11 Bonding Activities to use with your Older Adopted Kids

Posted by : Theresa in Adoptive Parenting Blog at 07:21 pm , 405 words, 206 views  
Categories: Bonding
lenaNearly all of my adopted children have come to me as older kids. Most were teenagers when they arrived, from disruptions, hurt and angry and incredibly resistant to trust. Nearly all had a RAD diagnosis on top of everything else.

With teenagers, there’s not much time with us before they are “grown ups”. For bonding and attachment, we have to work fast – but also have it appear slow, so as not to frighten the kids off too quickly, but allow THEM to choose when and how they will attach. I once told our therapist that our family seems to function with "intensive subtlety".

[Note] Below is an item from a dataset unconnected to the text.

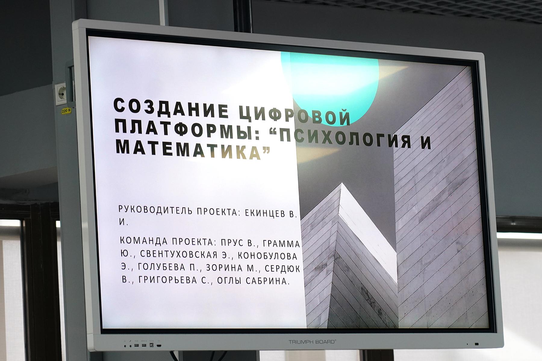 Так, одна из команд Института права представила проект «Математика в психологии». Куратор проекта – доцент кафедры общей и юридической психологии Владислав Екинцев. Студенты планируют разработать тематическую цифровую платформу. Её цель – популяризация точных наук и привлечение абитуриентов к поступлению в университет.
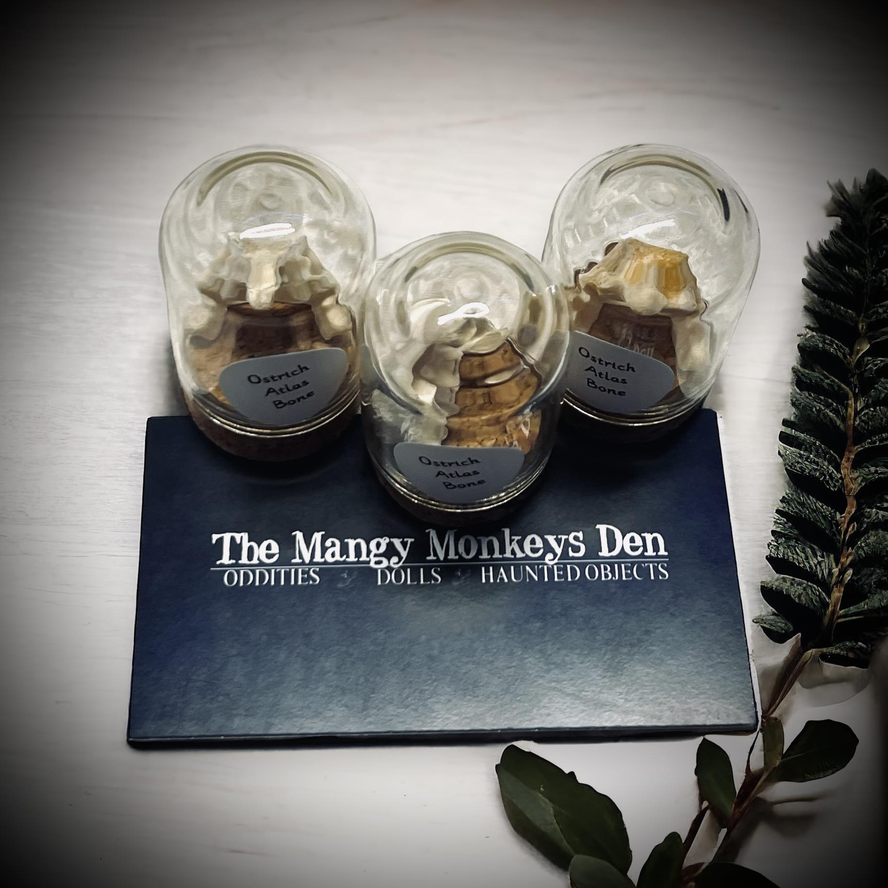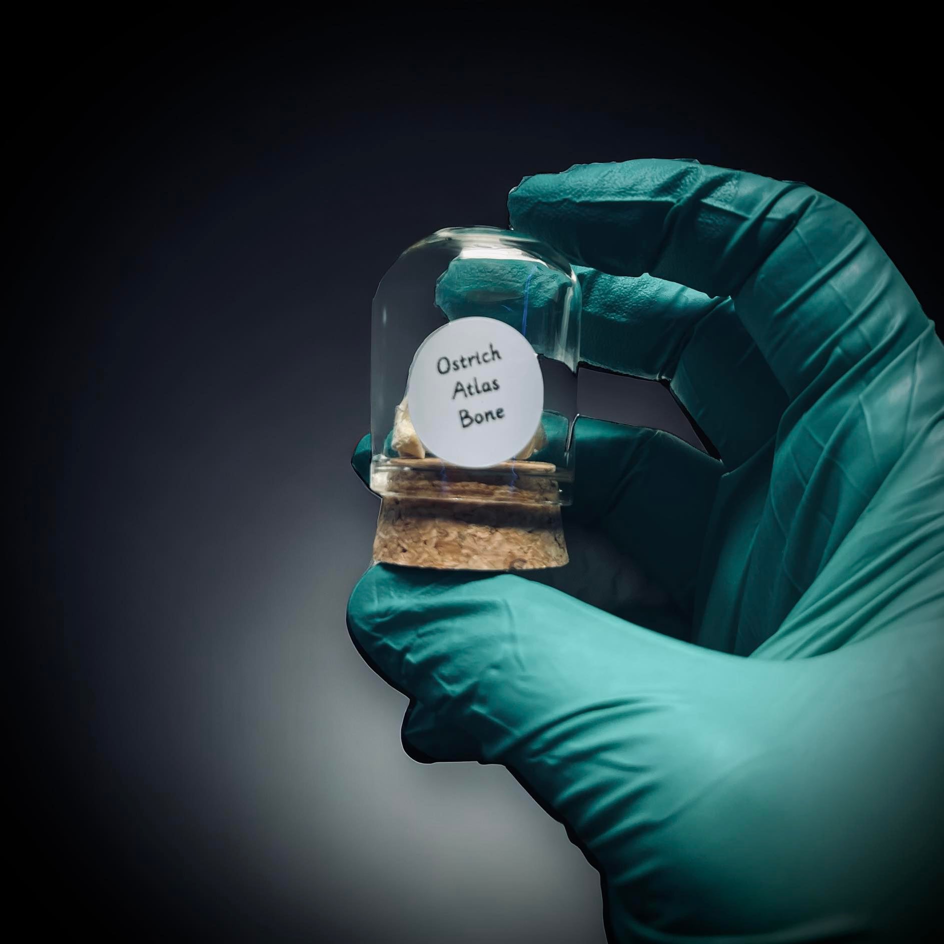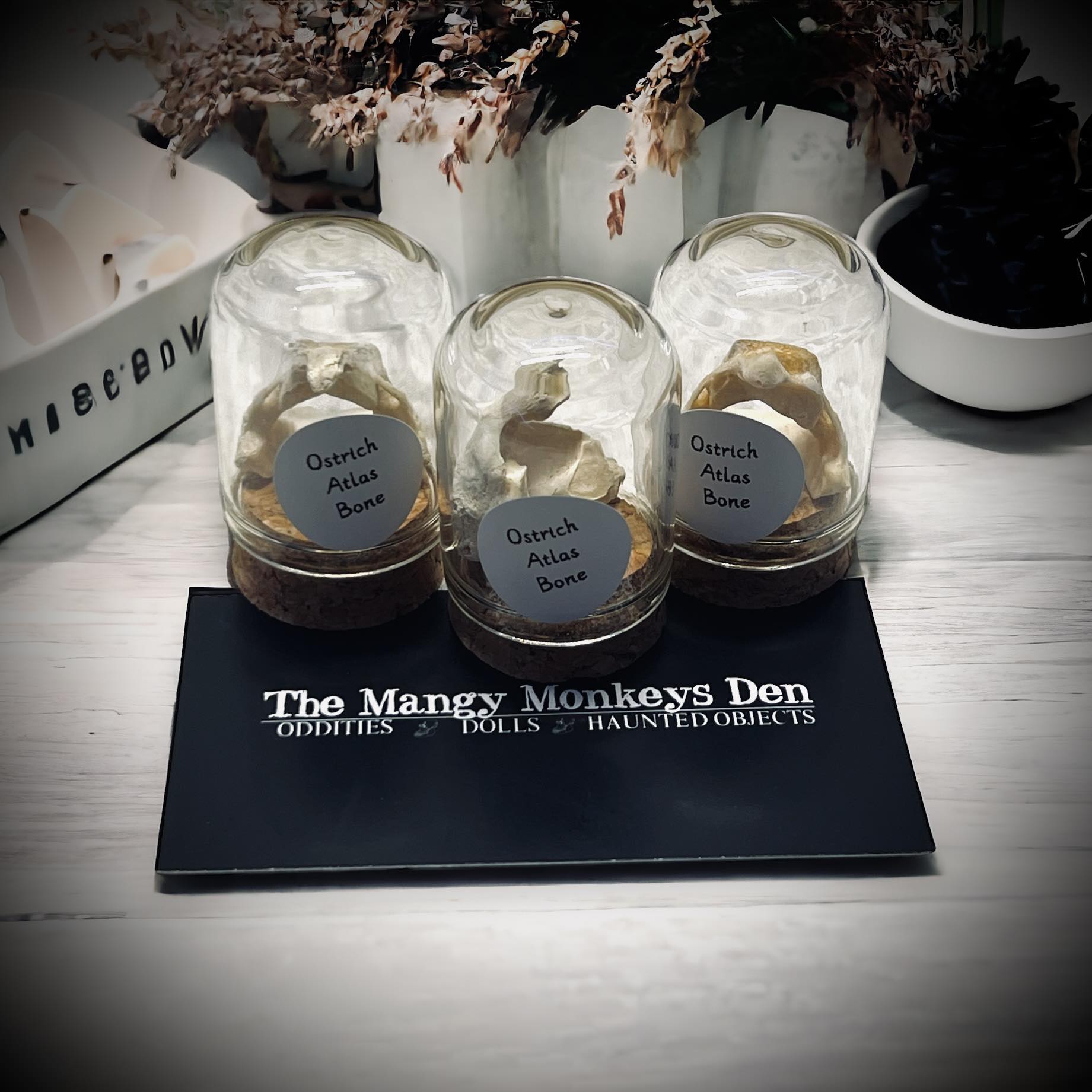 Ostrich Atlas Bone Specimen in Glass Vail Gothic Voodoo Witchcraft Curiosity, Oddity, Real Animal Bones, Apothecary, Unique Gift Idea

Here are 11 activities we use at our home that seem to make helpful strides toward building bonds for parent and older child. (Most of our older adoptees have been girls, so a couple of these would likely not apply if you are working with a male child.)

1. Hair brushing – Before bed, I take a few minutes to brush the hair out for a child with long hair. I usually do this in front of the television. This allows the intensity of the activity to be muted by the distraction of the program, which makes the child more willing/makes it less painful (literally or figuratively). It also usually allows me to continue the activity for far longer than we would without it.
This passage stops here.